The remarks came a day after Trump warned that if he cannot reach a deal with Xi he expects to increase tariffs on $250 billion of Chinese goods and impose levies on all the other goods the US imports from the country.
While observers do not expect a wide-ranging deal to be made at the meeting, which takes place on the sidelines of a G20 summit in Buenos Aires, there is the possibility of an agreement that will allow the two to reach a consensus down the line.
‘It will depend a lot about the kind of comments that will come out after the meeting,’ Massimiliano Bondurri, founder and chief executive officer of SGMC Capital in Singapore, told Bloomberg TV.
‘We don’t expect anything saying a deal will never be found, we expect some formal comments will be made as in discussions will be ongoing, but we haven’t found any agreement as of yet, so that’s likely to weigh on the risk sentiment on global markets.’
Hong Kong jumped 1.3 per cent and Shanghai closed 1.1 per cent higher with Tokyo climbing one per cent.
Singapore added 0.3 per cent, Seoul was up 0.4 per cent and Taipei rallied 1.1 per cent, while Wellington, Mumbai and Bangkok were all higher. Sydney was marginally lower.
In early European trade London and Frankfurt each rose 0.4 per cent, while Paris gained 0.3 per cent.
However, Eli Lee, head of investment strategy at the Bank of Singapore, warned that failure to reach an agreement this weekend would spell trouble.

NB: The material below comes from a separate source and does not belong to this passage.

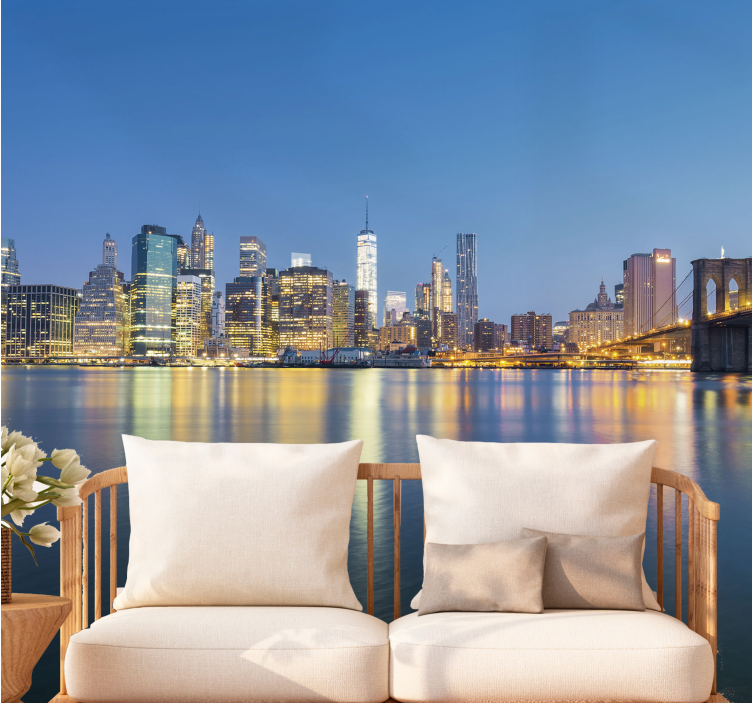 Referentienummer: F12099Het ontwerp toont een adembenemend uitzicht op de skyline van New York, met iconische gebouwen die bij schemering verlicht zijn. De scène omvat de Brooklyn Bridge die elegant over het water boogt, aangevuld met levendige stadslichten die op het oppervlak reflecteren, wat een schilderachtige sfeer creëert.

‘Given that the markets are pricing in some likelihood of a ceasefire or resolution, a no-deal scenario will cause a negative knee-jerk reaction for risk assets,’ he said in a report.
‘The prospects of further trade escalation and disruptive second-order effects will exacerbate growth fears and drive further asset de-rating, particularly for Asian equities.’
Also on the radar is a speech later in the day by Fed boss Jerome Powell, which comes a day after Vice Chairman Richard Clarida hinted at a more cautious approach.
While the bank is expected to lift rates next month, traders will be looking to see if Powell indicates a slowing of its pace of hikes in light of softer readings at home and signs of global weakening.
Expectations that rates would continue to rise through to 2020 — making it more expensive to borrow for investing — have weighed on global markets this year.
Powell’s speech also comes a day after Trump said he was ‘way off base’ for continuing with his tightening policy.
‘I’m doing deals and I’m not being accommodated by the Fed,’ Trump told the Washington Post in his latest swipe at the central bank boss he handpicked for the job. Powell has dismissed similar attacks from the White House in the past.
Trade deal hopes also provided a lift to beaten-down oil prices, with both main contracts up more than one per cent.
The commodity has been hammered since hitting four-year highs at the start of October, with traders worried about the effects of the trade war, as well as other issues including slowing demand, increasing production and a softening Chinese economy.